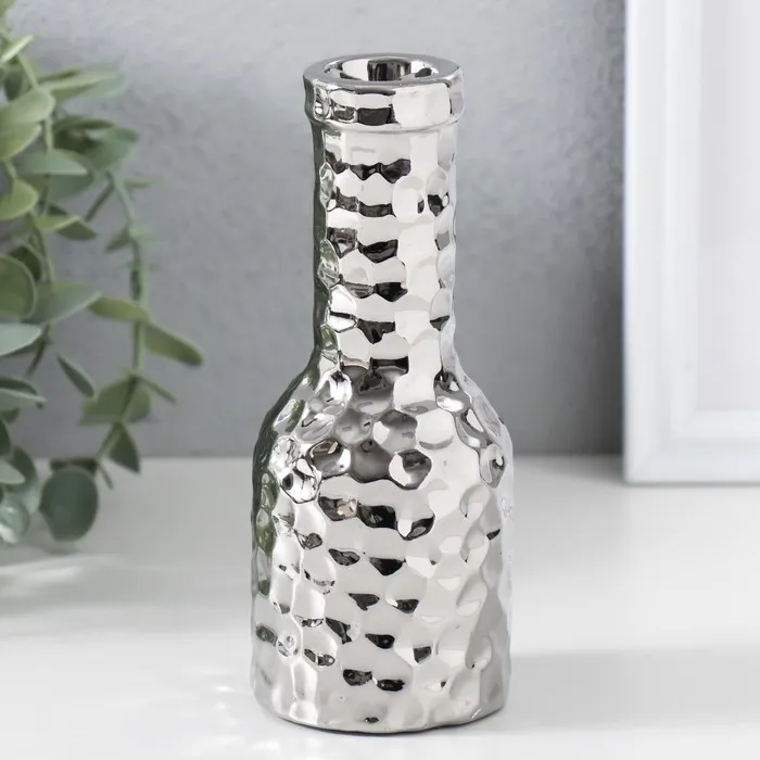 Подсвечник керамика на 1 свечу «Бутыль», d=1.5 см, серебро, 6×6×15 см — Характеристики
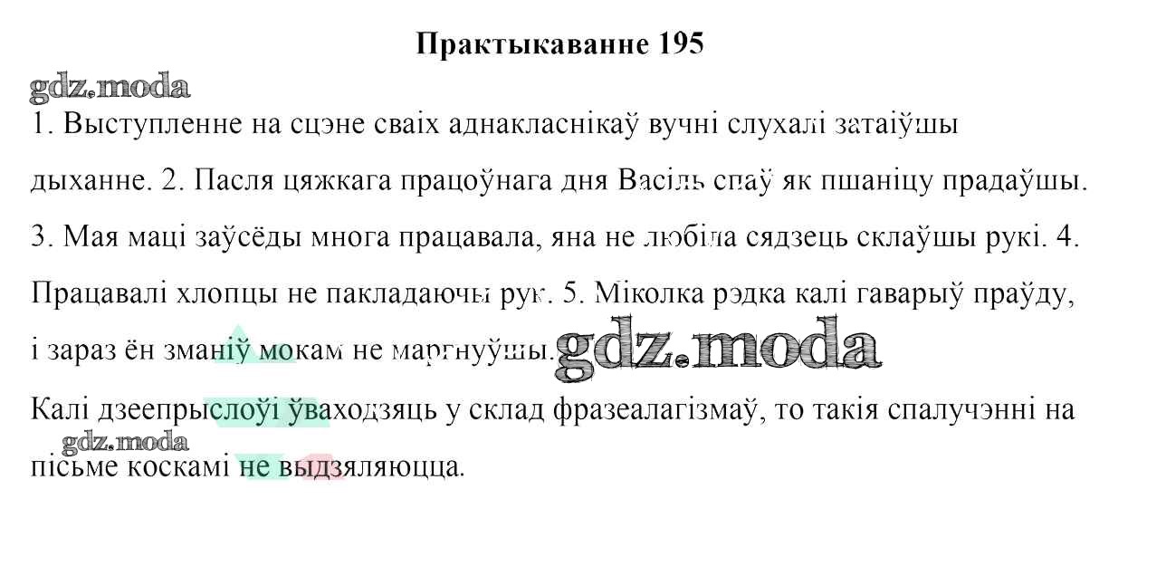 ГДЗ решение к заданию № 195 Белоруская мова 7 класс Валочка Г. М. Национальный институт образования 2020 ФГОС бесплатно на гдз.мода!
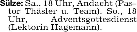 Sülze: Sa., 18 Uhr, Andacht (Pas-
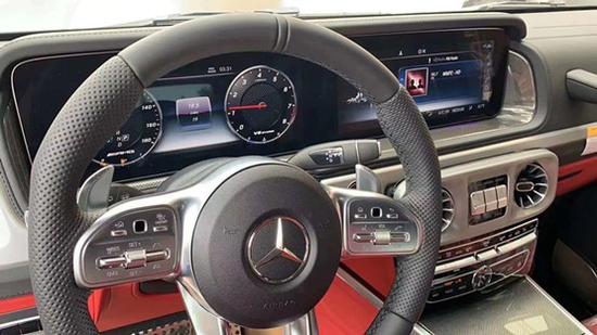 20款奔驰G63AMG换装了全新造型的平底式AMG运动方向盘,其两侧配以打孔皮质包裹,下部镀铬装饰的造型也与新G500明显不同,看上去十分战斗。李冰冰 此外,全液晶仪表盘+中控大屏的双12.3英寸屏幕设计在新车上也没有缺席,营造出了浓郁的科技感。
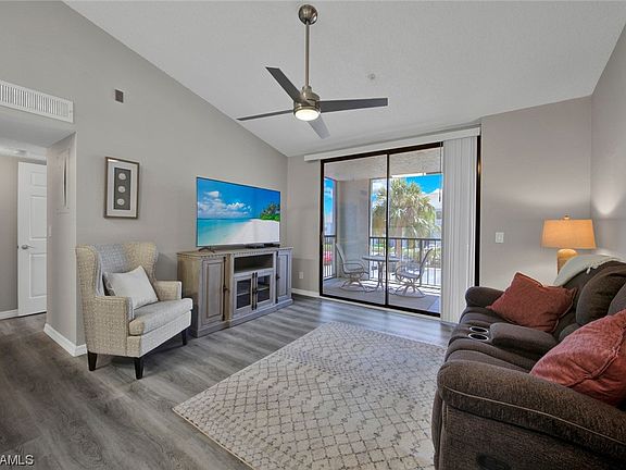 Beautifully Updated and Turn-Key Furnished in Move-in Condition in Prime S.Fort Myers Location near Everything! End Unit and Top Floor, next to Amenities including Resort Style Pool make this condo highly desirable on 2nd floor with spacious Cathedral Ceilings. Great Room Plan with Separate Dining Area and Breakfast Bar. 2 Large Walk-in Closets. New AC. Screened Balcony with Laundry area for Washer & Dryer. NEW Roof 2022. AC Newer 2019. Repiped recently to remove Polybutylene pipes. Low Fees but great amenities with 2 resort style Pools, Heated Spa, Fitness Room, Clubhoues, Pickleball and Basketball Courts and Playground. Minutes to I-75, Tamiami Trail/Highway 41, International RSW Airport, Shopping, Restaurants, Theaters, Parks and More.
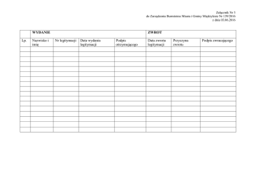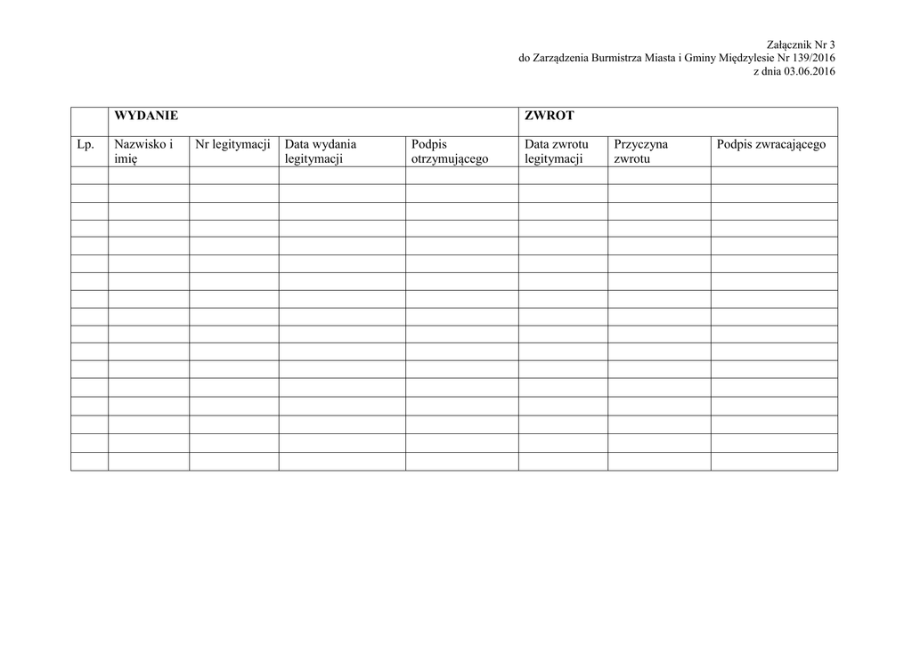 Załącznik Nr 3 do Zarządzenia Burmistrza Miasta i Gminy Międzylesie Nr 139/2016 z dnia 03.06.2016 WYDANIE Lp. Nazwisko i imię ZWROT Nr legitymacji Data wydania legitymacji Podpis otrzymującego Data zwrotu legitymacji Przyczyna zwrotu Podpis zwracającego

* * *

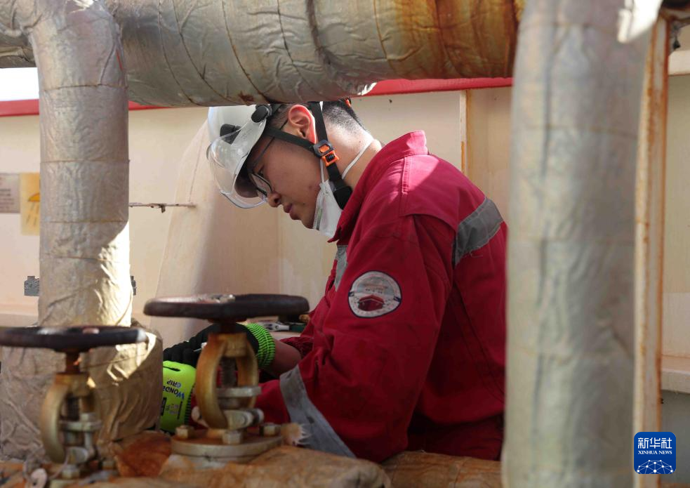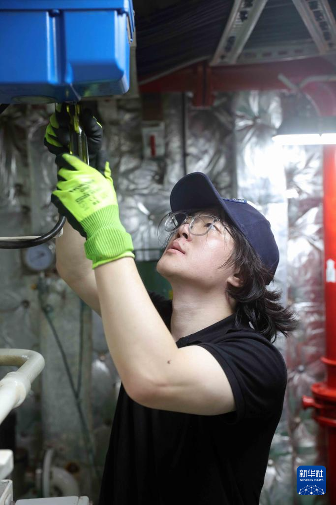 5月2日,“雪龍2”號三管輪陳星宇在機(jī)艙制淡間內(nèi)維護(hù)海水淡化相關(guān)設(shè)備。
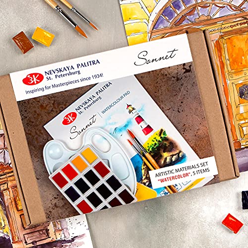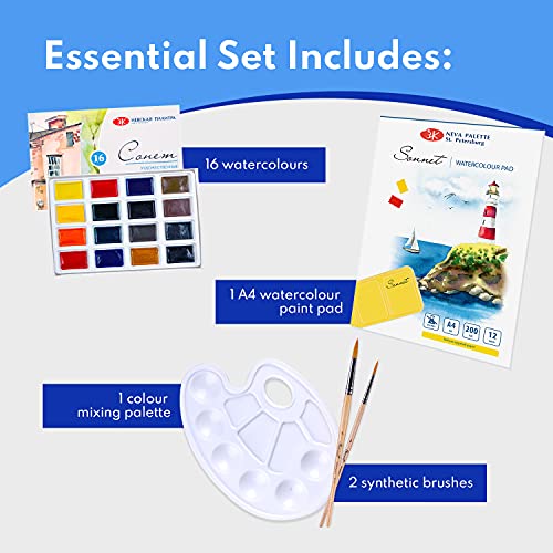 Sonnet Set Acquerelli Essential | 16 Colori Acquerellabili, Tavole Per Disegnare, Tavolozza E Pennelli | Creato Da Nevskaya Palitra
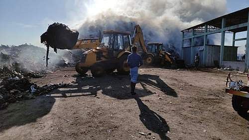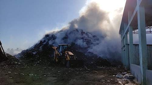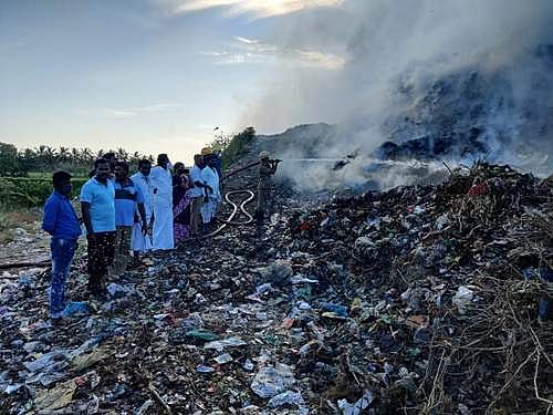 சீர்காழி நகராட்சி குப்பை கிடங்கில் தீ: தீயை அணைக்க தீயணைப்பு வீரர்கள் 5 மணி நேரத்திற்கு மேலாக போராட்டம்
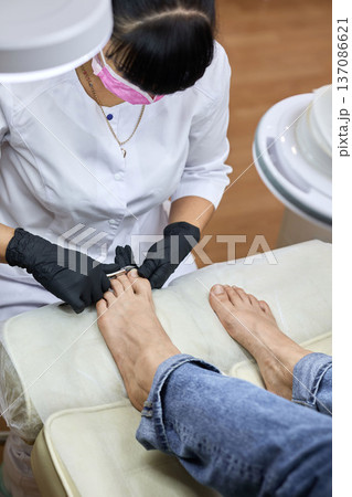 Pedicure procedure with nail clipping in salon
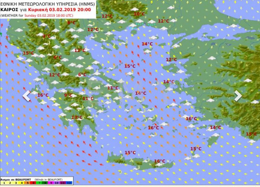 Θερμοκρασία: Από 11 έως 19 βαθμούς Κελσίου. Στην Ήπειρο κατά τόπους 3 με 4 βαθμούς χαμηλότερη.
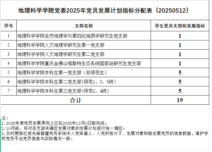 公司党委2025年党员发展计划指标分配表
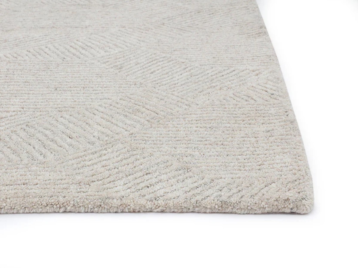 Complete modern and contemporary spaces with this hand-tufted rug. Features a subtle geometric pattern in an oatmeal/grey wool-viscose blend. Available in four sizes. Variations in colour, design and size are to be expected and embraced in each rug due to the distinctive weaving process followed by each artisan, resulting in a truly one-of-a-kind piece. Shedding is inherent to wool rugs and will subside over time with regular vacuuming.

→ Activity
Leave out the images and write out the lines above exactly, from the one with "Подсвечник керамика на" up to and including the one with "Załącznik Nr 3".

→ Task answer
 Подсвечник керамика на 1 свечу «Бутыль», d=1.5 см, серебро, 6×6×15 см — Характеристики
 ГДЗ решение к заданию № 195 Белоруская мова 7 класс Валочка Г. М. Национальный институт образования 2020 ФГОС бесплатно на гдз.мода!
 Sülze: Sa., 18 Uhr, Andacht (Pas-
 20款奔驰G63AMG换装了全新造型的平底式AMG运动方向盘,其两侧配以打孔皮质包裹,下部镀铬装饰的造型也与新G500明显不同,看上去十分战斗。李冰冰 此外,全液晶仪表盘+中控大屏的双12.3英寸屏幕设计在新车上也没有缺席,营造出了浓郁的科技感。
 Beautifully Updated and Turn-Key Furnished in Move-in Condition in Prime S.Fort Myers Location near Everything! End Unit and Top Floor, next to Amenities including Resort Style Pool make this condo highly desirable on 2nd floor with spacious Cathedral Ceilings. Great Room Plan with Separate Dining Area and Breakfast Bar. 2 Large Walk-in Closets. New AC. Screened Balcony with Laundry area for Washer & Dryer. NEW Roof 2022. AC Newer 2019. Repiped recently to remove Polybutylene pipes. Low Fees but great amenities with 2 resort style Pools, Heated Spa, Fitness Room, Clubhoues, Pickleball and Basketball Courts and Playground. Minutes to I-75, Tamiami Trail/Highway 41, International RSW Airport, Shopping, Restaurants, Theaters, Parks and More.
 Załącznik Nr 3 do Zarządzenia Burmistrza Miasta i Gminy Międzylesie Nr 139/2016 z dnia 03.06.2016 WYDANIE Lp. Nazwisko i imię ZWROT Nr legitymacji Data wydania legitymacji Podpis otrzymującego Data zwrotu legitymacji Przyczyna zwrotu Podpis zwracającego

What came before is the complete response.